= Louanner Peters =

American politician

Louanner Peters is a former deputy governor of Illinois. She was appointed by then-Governor Rod Blagojevich in December 2006, becoming the first African-American woman to hold the position.

Peters grew up on a farm in Angie, Louisiana, and was the ninth of twelve children. She earned a Bachelor's degree in political science at Louisiana State University in 1971, and a Master's degree at the Jane Addams College of Social Work of the University of Illinois at Chicago in 1973. She served as chief of staff for U.S. Representative Gus Savage for 10 years starting in 1981. In 1992, she unsuccessfully ran as an independent candidate for Illinois's 2nd congressional district. She then did campaign work for Washington D.C. mayors Marion Barry and Anthony Williams, and for Blagojevich on a contractual basis. She was hired as Blagojevich's deputy chief of staff for social services in 2003, and was promoted to deputy governor in 2006.

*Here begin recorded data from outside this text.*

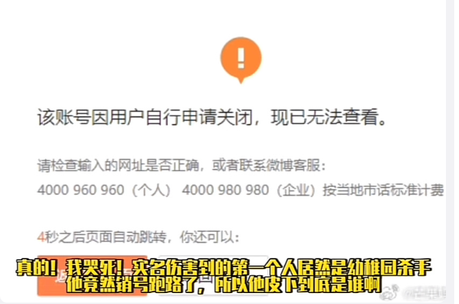 匿名説唱歌手@幼稚園殺手乾脆直接註銷了微博:
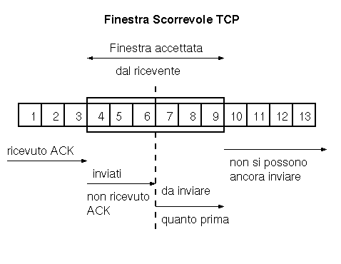 In seguito all'ACK il trasmittente invia dal pacchetto successivo a quello di cui ha ricevuto lo ACK, un numero di segmenti uguale al precedente. Il numero dei segmenti e' la dimensione della finestra, la quale e' scorrevole in avanti nella lista dei segmenti da inviare.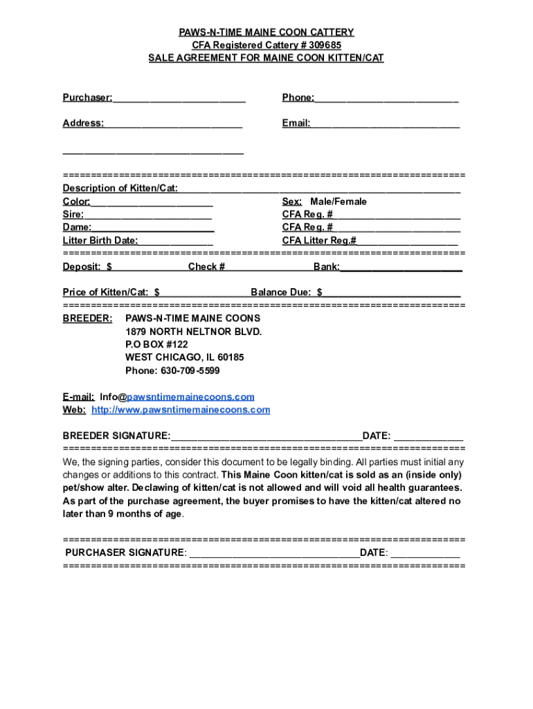 Get the free Maine Coon Sale Agreement

According to an anonymous source, Peters is said to be the person referred to as "Senate Candidate 4" in the Blagojevich criminal complaint. In a private conversation, Blagojevich considered appointing Senate Candidate 4 to Barack Obama's U.S. Senate seat because he believed he could "count on [Senate Candidate 4], if things got hot, to give [the Senate seat] up and let me parachute over there."